Muitas empresas operam com TI reativa: só pensam na infraestrutura tecnológica quando algo quebra. O problema é que, quando algo quebra, o prejuízo já aconteceu. Sistemas fora do ar, dados perdidos, produtividade paralisada — tudo isso tem um custo que, na maioria das vezes, supera em muito o investimento em gestão profissional de TI.
Mas como saber se chegou a hora de terceirizar? Aqui estão os 5 sinais mais claros que identificamos em mais de 18 anos atendendo empresas em São Paulo e região.
Sua equipe perde tempo resolvendo problemas de tecnologia
Quando gestores, analistas e até diretores gastam parte do expediente lidando com computador lento, impressora que não funciona ou e-mail que não chega, há um problema sério de produtividade. Cada hora que um profissional qualificado gasta em problemas de TI é uma hora que ele não está gerando receita para a empresa. Em uma equipe de 20 pessoas, se cada uma perde 30 minutos por semana com problemas de tecnologia, são mais de 40 horas mensais desperdiçadas — o equivalente a um funcionário inteiro.
Você não sabe o estado real da sua infraestrutura
Se você não consegue responder perguntas como "qual o uptime dos nossos servidores este mês?", "quando foi o último backup bem-sucedido?" ou "quantos dispositivos na rede estão desatualizados?", sua TI está operando no escuro. Sem monitoramento e métricas, problemas se acumulam silenciosamente até explodirem em crises. Uma gestão profissional de TI fornece dashboards, relatórios mensais e alertas proativos que transformam dados em decisões.

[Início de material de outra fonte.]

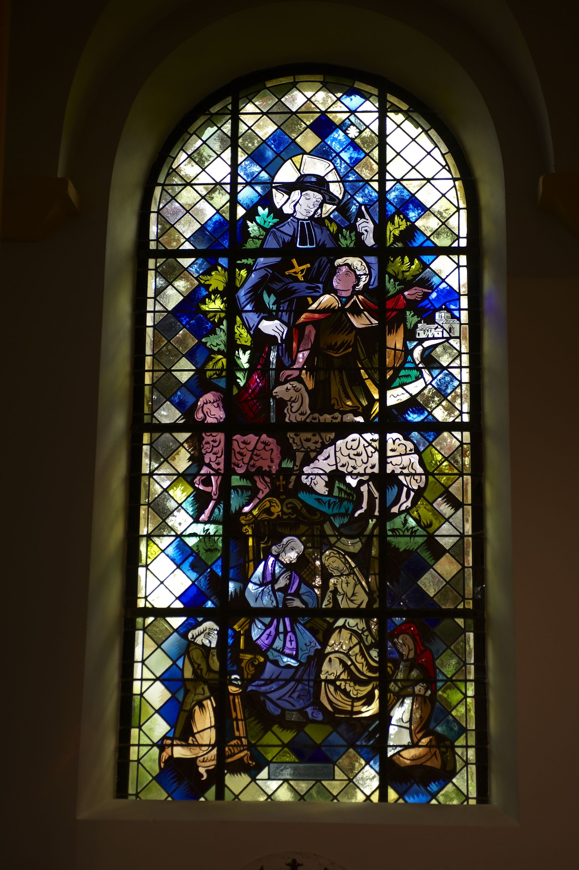 Verrière de la baie 1 : Saint Curé d'Ars (état en 2013)Immatriculation

Já sofreu (ou quase sofreu) um incidente de segurança
Um e-mail de phishing que quase enganou alguém, um ransomware que foi detectado a tempo, um computador infectado que precisou ser formatado — esses "quases" são avisos claros. O cenário de ameaças muda diariamente, e sem uma equipe dedicada monitorando vulnerabilidades, atualizações e comportamentos suspeitos, é questão de tempo até um incidente grave acontecer. Segundo dados recentes, o custo médio de um incidente de segurança para PMEs brasileiras ultrapassa R$ 200 mil.

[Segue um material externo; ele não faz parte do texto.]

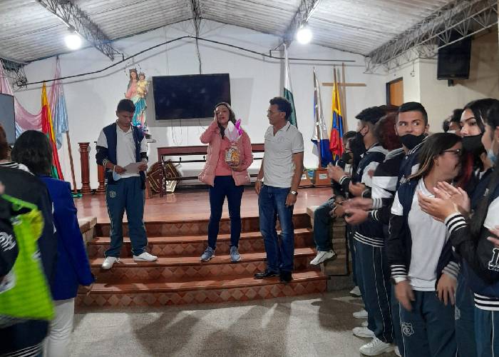 Desde el aula múltiple de la I. E. María Josefa Marulanda, en un pedacito del corazón cejeño del departamento de Antioquia (Colombia), los estudiantes de la generación 18 Once 2022, con sentimientos encontrados, se reunieron en hermandad, con las directoras de grupo Martha Luz, Adriana y el señor Óscar Álvaro Echavarría Ordóñez, rector de la institución educativa, para despedir con gesto de gratitud a la maestra Natalie Rojas, que próximamente viajaría a tierras del departamento del Meta, al oriente del país, para continuar con su hermosa misión de docente.

Seu "TI" é uma pessoa que faz tudo
Muitas empresas dependem de um único profissional de TI — o famoso "faz-tudo". Ele configura o servidor, instala o Windows, resolve o problema da impressora, gerencia o firewall e ainda dá suporte ao ERP. Quando essa pessoa sai de férias ou é desligada, a empresa fica completamente vulnerável. Além disso, nenhum profissional sozinho consegue se manter atualizado em todas as áreas da TI moderna: cloud, segurança, redes, endpoints, compliance. A terceirização dá acesso a uma equipe multidisciplinar por uma fração do custo de montar esse time internamente.
Sua empresa está crescendo e a TI não acompanha
Novos funcionários, novas filiais, novos sistemas — o crescimento do negócio exige que a infraestrutura de TI escale junto. Se cada novo colaborador demora dias para ter e-mail, acessos e equipamento configurados, ou se a rede fica mais lenta a cada mês, a TI está se tornando um gargalo para o crescimento. Uma gestão profissional garante que a infraestrutura seja escalável, com processos padronizados de onboarding, offboarding e expansão.

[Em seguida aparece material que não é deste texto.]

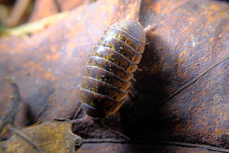 Detailed closeup of crawling common shiny woodlouse (Oniscus asellus) on a piece of wood in forest.
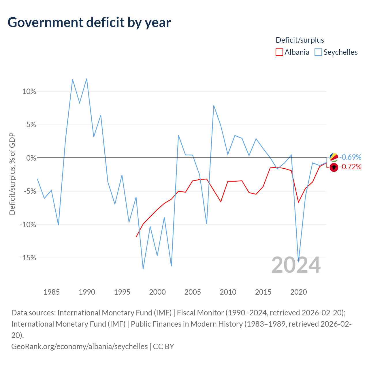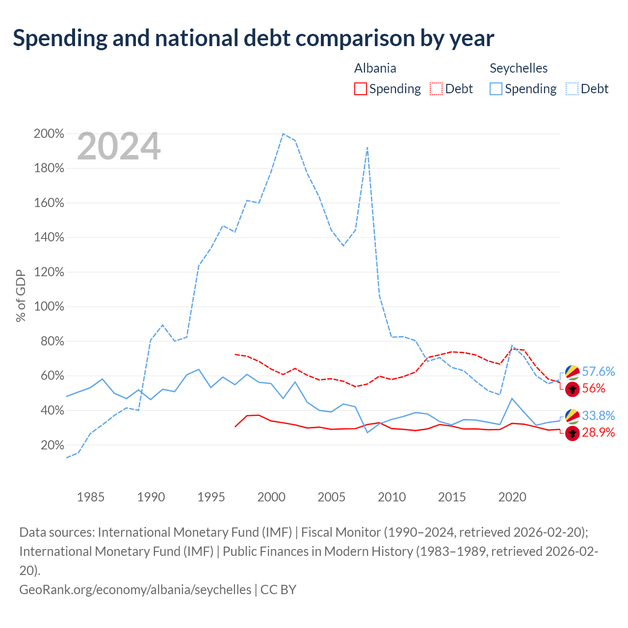 Albania has $15.2B in government debt (56% of GDP), compared to $1.25B (57.6% of GDP) in the Seychelles.

O que muda com TI terceirizada
Com a gestão profissional de TI, sua empresa ganha monitoramento proativo 24/7 (problemas são detectados e corrigidos antes que você perceba), SLA garantido (tempo de resposta definido em contrato — na Duk, nosso tempo médio de primeiro atendimento é de 3,7 minutos), equipe multidisciplinar (especialistas em segurança, cloud, redes e suporte, sem a necessidade de contratar cada um deles), relatórios e visibilidade total (dashboards em tempo real e relatórios mensais com métricas claras), e previsibilidade de custos (valor fixo mensal em vez de gastos emergenciais imprevisíveis).
"TI terceirizada não é terceirizar um problema — é internalizar uma competência que sua empresa não tem como core business."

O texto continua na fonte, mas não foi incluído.